Update: Reflecting @Philip Kelley opinion, if there are too many status, then it's better to use integer as foreign key. If there are only couple of status, then may be use abbr as a foreign key.
更新:反映@Philip Kelley 的观点,如果状态太多,那么最好使用整数作为外键。如果只有几个状态,那么可以使用 abbr 作为外键。
回答by DevBodin
I've been working with a lot of databases recently that require a lotof statuses AND I've got a few notes that might be worth adding to the conversation.

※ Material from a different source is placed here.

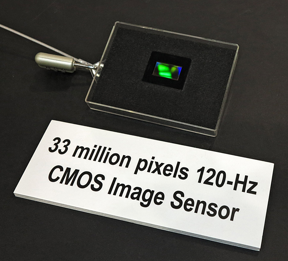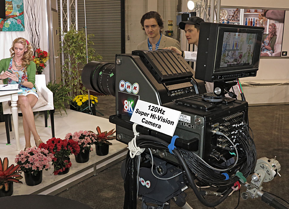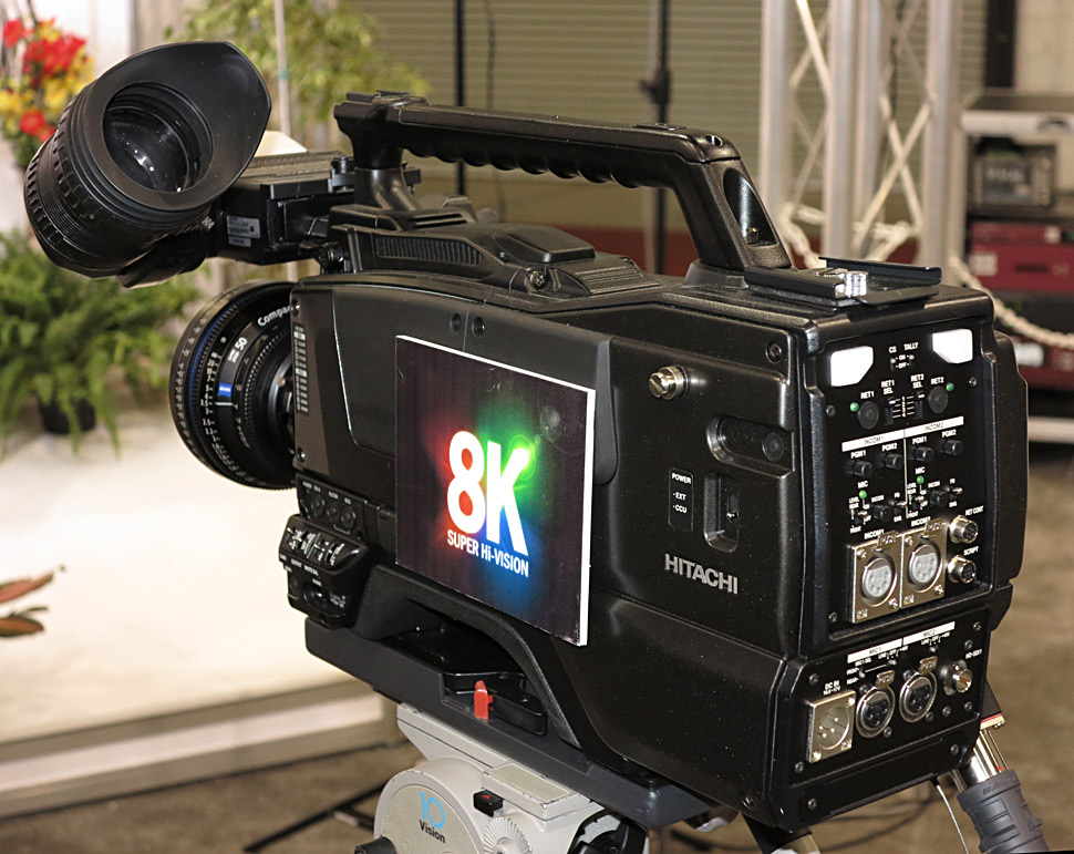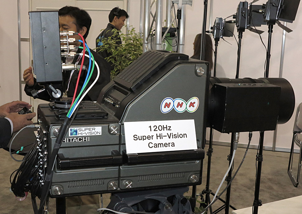 Zusätzlich gab es am Super-Hi-Vision-Stand eine Kamera mit den Abmessungen eines ganz normalen Schulter-Camcorders zu sehen, die als Single-Sensor-Kamera mit einem 33-Megapixel-CMOS-Bildwandler ausgelegt ist. Im Zusammenspiel mit 35-mm-Fotoobjektiven der höchsten Qualitätsstufe soll diese Kamera 8K-Aufnahmen mit einem kleineren Formfaktor ermöglichen. Zwar handelt es sich bei diesem Gerät (noch) nicht um einen Camcorder, sondern um eine reine Kamera ohne interne Aufzeichnungsmöglichkeit, aber an einem andockbaren Recorder werde entwickelt, ließen die Ingenieure am Stand wissen.

我最近一直在处理很多需要很多状态的数据库,我有一些笔记可能值得添加到对话中。
INT: One thing I found is that if an application has a lot of tracking going on, the number of reference tables can quickly get unwieldy and, as you've mentioned, make inspecting the database at a glance impractical. (Which, for some of my clients, has mattered much more than the scant milliseconds it's saved in processing time.)

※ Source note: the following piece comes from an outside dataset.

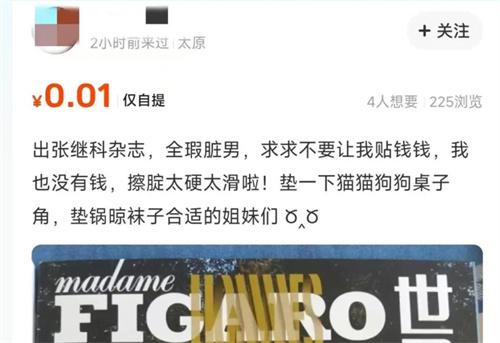 4月5日,記者在某二手平臺搜索張繼科的鏈接,看到很多有關的二手商品正在平臺交易,比如張繼科親筆簽名照片僅標價35元出售,據這位賣家在介紹列表中描述,自己從事傳媒行業,此次所出售的簽名照片支持拿去鑒定,所發出的簽名照總共有兩張,都用相框保存了起來,張繼科的簽名是用金色字體書寫,后續,記者又從搜索列表中查看到有人使用一元出售張繼科簽名照,還有0.01元出售張繼科封面雜志的帖子。

INT:我发现的一件事是,如果一个应用程序有很多跟踪正在进行,那么引用表的数量很快就会变得难以处理,正如您所提到的,一目了然地检查数据库是不切实际的。(对于我的一些客户来说,这比在处理时间中节省的几毫秒更重要。)
VARCHAR: Terrible idea for programming, but it's important to consider if a given status is actually going to be used by the code, or just human eyes. For the latter, you get unlimited range and don't have to maintain any relationships.

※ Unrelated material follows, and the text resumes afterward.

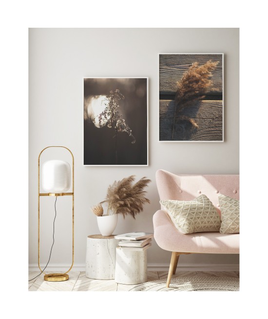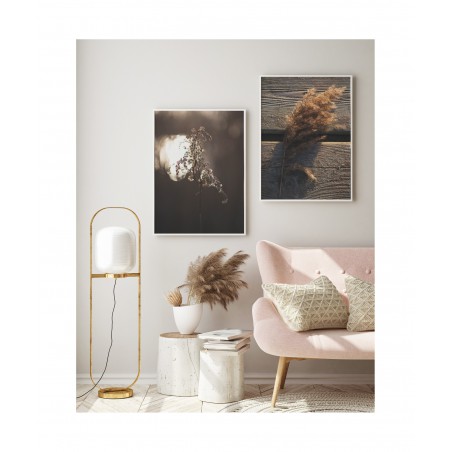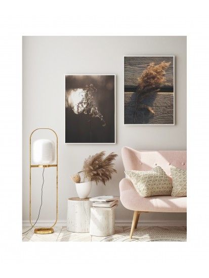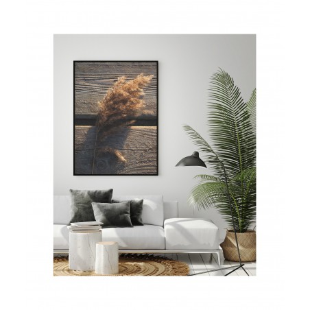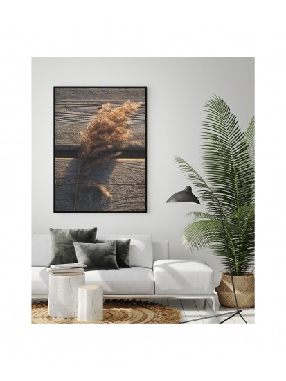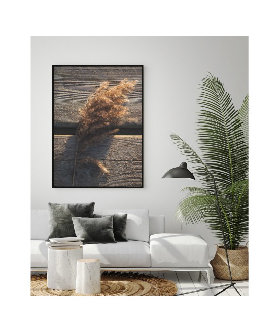 Plakat na ścianę nastrojowy, roślina ułożona na wysuszonych deskach starej stolarni. Jesienne, nisko wznoszące się słońce dopełnia klimatu nieśmiało oświetlając puszysty pióropusz. Plakat dekoracyjny do pomieszczeń klimatycznych i eleganckich.

VARCHAR:编程的可怕想法,但重要的是要考虑给定的状态是否真的会被代码使用,或者只是人眼。对于后者,您可以获得无限的范围并且不必维持任何关系。
CHAR(4): Using a descriptive char column can actually be a very good approach. I'd typically only consider it if the value range were going to be low and obvious, but only because I consider this a nonstandard approach (risking confusion to new devs). Realistically, you could use a CHAR value as a foreign key just the same as an INT, gain legibility and maintain performance parity.
CHAR(4):使用描述性字符列实际上是一个很好的方法。我通常只在值范围较低且明显时才考虑它,但这只是因为我认为这是一种非标准方法(冒着让新开发人员感到困惑的风险)。实际上,您可以将 CHAR 值用作与 INT 相同的外键,以获得易读性并保持性能均衡。
The one thing you couldn't do that I'd miss is mathematical operations (like "<" and ">").
你不能做但我会错过的一件事是数学运算(如“<”和“>”)。
INT Range: A hybrid strategy I've tried out is to use INT, but adding a degree of semantics to the numbers. So, for instance,
INT Range:我尝试过的一种混合策略是使用 INT,但为数字添加了一定程度的语义。所以,例如,
1-10 being for initial stages,
11-20 being in progress, and
21-30 being the final stages.
60-69 for errors, rejections
The problem here is that if you discover you need more numbers, you're SOL, since the next range is already taken. So, what I ended up doing was (sort of) mimicking HTTP responses:
这里的问题是,如果你发现你需要更多的数字,你就是 SOL,因为下一个范围已经被占用了。所以,我最终做的是(有点)模仿 HTTP 响应:
100-199 being for initial stages,
200-299 being in progress, and
300-399 being the final stages.
500-599 for errors, rejections
I prefer this to simple INT, and while it canbe less descriptive than CHAR, it can also be less ambiguous. Whereas "PROG" could mean a number of things, good, bad or benign, if I can see something is in the 500 range, I may not known what the problem is, I will be able to tell you there isa problem.
我喜欢这种简单的INT,虽然它可以比CHAR是描述性较差,它也可以更加明确。而“PROG”可能意味着一些东西,好的,坏的还是良性的,如果我能看到的东西是在500的范围内,我可能不知道是什么问题,我就可以告诉你,是一个问题。